Histogram of cosine similarities

python make_cossim_histogram.py --emb_type glove --topk 100
fig.2

Quantitative evaluation of semantic continuity by GPT models

python eval_continuity_by_OpenAI_API.py
fig.3

Dimensionality reduction

Calculate POLAR-applied embeddings (if necessary)

git clone https://github.com/Sandipan99/POLAR.git

Then

cp polar_glove.ipynb POLAR/

Run POLAR/polar_glove.ipynb to generate embeddings saved under output/polar_glove_embeddings/ with the filename ${method}_gl_500_StdNrml.bin.

Evaluation

python make_dimred_figure.py --emb_type glove --fig_type main 
fig.4

Relation between skewness and the average of two cosine similarities

python make_relation_skewness_and_two_cossims.py --emb_type glove --topk 100
(a) Axis Tour
fig.5a
(b) Skewness Sort
fig.5b

Reference

[1] Sato. Word Tour: One-dimensional Word Embeddings via the Traveling Salesman Problem. NAACL. 2022.

[2] Yamagiwa et al. Discovering Universal Geometry in Embeddings with ICA. EMNLP. 2023.

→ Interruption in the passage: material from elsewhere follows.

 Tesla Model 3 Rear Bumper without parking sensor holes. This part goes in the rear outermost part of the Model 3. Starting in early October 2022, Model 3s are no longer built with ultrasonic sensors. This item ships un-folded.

[3] Chelba et al. One billion word benchmark for measuring progress in statistical language modeling. INTER-SPEECH. 2014.

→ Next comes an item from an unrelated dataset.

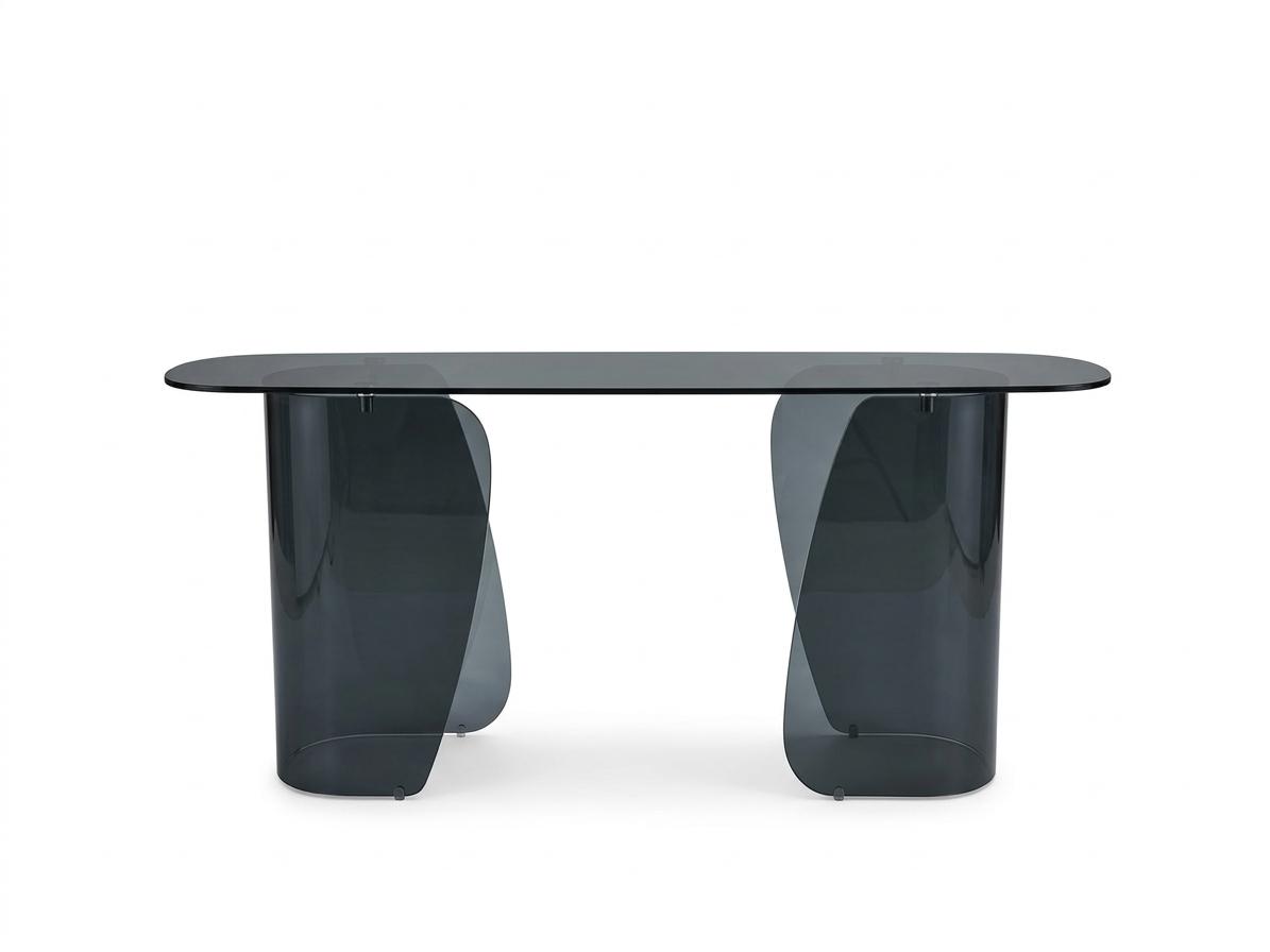 Size:170*40*76cm Top: 10MM SMOKE glass,aluminum plate Leg: 10MM SMOKE glass

[4] Mathew, et al. The POLAR framework: Polar opposites enable interpretability of pretrained word embeddings. Web Conference. 2020.

[5] Jastrzebski et al. How to evaluate word embeddings? On importance of data efficiency and simple supervised tasks. arXiv. 2017.


Citation

If you find our code or model useful in your research, please cite our paper:

@inproceedings{yamagiwa-etal-2024-axis,
    title = "Axis Tour: Word Tour Determines the Order of Axes in {ICA}-transformed Embeddings",
    author = "Yamagiwa, Hiroaki  and
      Takase, Yusuke  and
      Shimodaira, Hidetoshi",
    editor = "Al-Onaizan, Yaser  and
      Bansal, Mohit  and
      Chen, Yun-Nung",
    booktitle = "Findings of the Association for Computational Linguistics: EMNLP 2024",
    month = nov,
    year = "2024",
    address = "Miami, Florida, USA",
    publisher = "Association for Computational Linguistics",
    url = "https://aclanthology.org/2024.findings-emnlp.28",
    pages = "477--506",
    abstract = "Word embedding is one of the most important components in natural language processing, but interpreting high-dimensional embeddings remains a challenging problem. To address this problem, Independent Component Analysis (ICA) is identified as an effective solution. ICA-transformed word embeddings reveal interpretable semantic axes; however, the order of these axes are arbitrary. In this study, we focus on this property and propose a novel method, Axis Tour, which optimizes the order of the axes. Inspired by Word Tour, a one-dimensional word embedding method, we aim to improve the clarity of the word embedding space by maximizing the semantic continuity of the axes. Furthermore, we show through experiments on downstream tasks that Axis Tour yields better or comparable low-dimensional embeddings compared to both PCA and ICA.",
}

Note

  • Since the URLs of published embeddings may change, please refer to the GitHub repository URL instead of the direct URL when referencing in papers, etc.
  • This directory was created by Hiroaki Yamagiwa.
  • The code for TICA was created by Yusuke Takase.
  • See README.Appendix.md for the experiments in the Appendix.